Yup, I for one have been enjoying the increase in Australian wine availability and the cheaper prices.  Especially considering that NZ wine prices are now completely ridiculous. 



Indeed and we are heading to S. Australia in Oct. The only wine region there we haven't yet been to is Clare Valley, but we will put that right this time. We had a full week in the Barossa a few years ago.


BNPL is a business where it was obvious from the start that there would only be one or two dominant competitors.  Like VISA and Mastercard.  It was merely a question of which company would end up #1 and which the much smaller #2.  Klarna has the EU, Afterpay has Australasia, and it seems the US is going to be a tussle between Affirm and Afterpay.  The first mover advantage is almost insurmountable, and Afterpay was pretty lucky that the US was late to the BNPL party so it has a shot at being #1 there.  BNPL is here to stay, and its huge customer base will simply be leveraged to upsell them to more profitable banking and credit business.


They aren't profitable business models.
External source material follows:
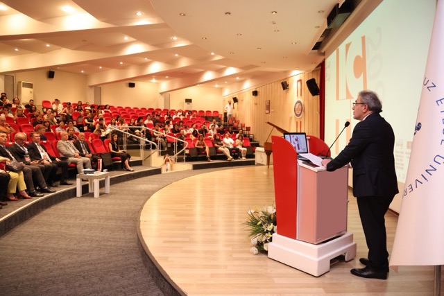 DEÜ Rektörü Prof. Dr. Bayram Yılmaz ise sosyal bilimlerin üniversite için çok önemli bir alan olduğuna değinerek; “Cumhuriyetimize ve milletimize hizmet eden Üniversitemizde böylesine seçkin bir kurultaya ev sahipliği yapmaktan onur duyuyoruz. Biz size bu kültürü, tam da adı ile özdeşleşen Dokuz Eylül Üniversitesine varlığı Türkiye Cumhuriyeti’ne, Türk milletine, Türk kültürüne hizmet etmek üzere kurulan bu kuruma getirdiğiniz için biz sizlere teşekkür ederiz. Dokuz Eylül Üniversitesi olarak biz tam akredite bir üniversiteyiz, bir araştırma üniversitesiyiz. 60 binden fazla öğrencimiz var. 5 binden fazla uluslararası öğrencimiz var. Dokuz Eylül Üniversitesi 18 fakültesi, 7 meslek yüksekokulu, 1 yüksekokul, 10 enstitüsü ile sadece bir sağlık bilimleri üniversitesi değil, sadece bir mühendislik üniversitesi değil çok güçlü bir şekilde bir sosyal bilimler üniversitesi. Biz, komple bir üniversiteyiz. Üniversitemizi Selçuklu kartalı olarak görecek olursak; bir kanadımız sağlık bilimleri, bir kanadımız mühendislik bilimleri; sosyal bilimler ise bizim istikametimizi belirleyen alan diyoruz,” dedi.

They are very high risk, very low margin businesses when you realise they borrow their loans from banks on short terms with a very high default rate.


re #4

The peak and decline of globalism was inevitable (from a physical POV) and Saul was one of the prescient ones:…

I've had a copy since before the GFC - and he suggests the peak was 1995. Mike Moore and Gatt; all downhill since then. We can also call it the peak of misguided thinking - then came the GFC, since then it's been extend and pretend; the debt/expectation overhang is eye-watering.


The millennium bug (Y2K) was pushed by computer salesmen. They made their case to managers ignorant of computer programming. The IT staff kept quiet because their careers would be enhanced by new hardware and software.

This contrasts with AI doomsaying where the nearer you get to the real experts the greater the fear.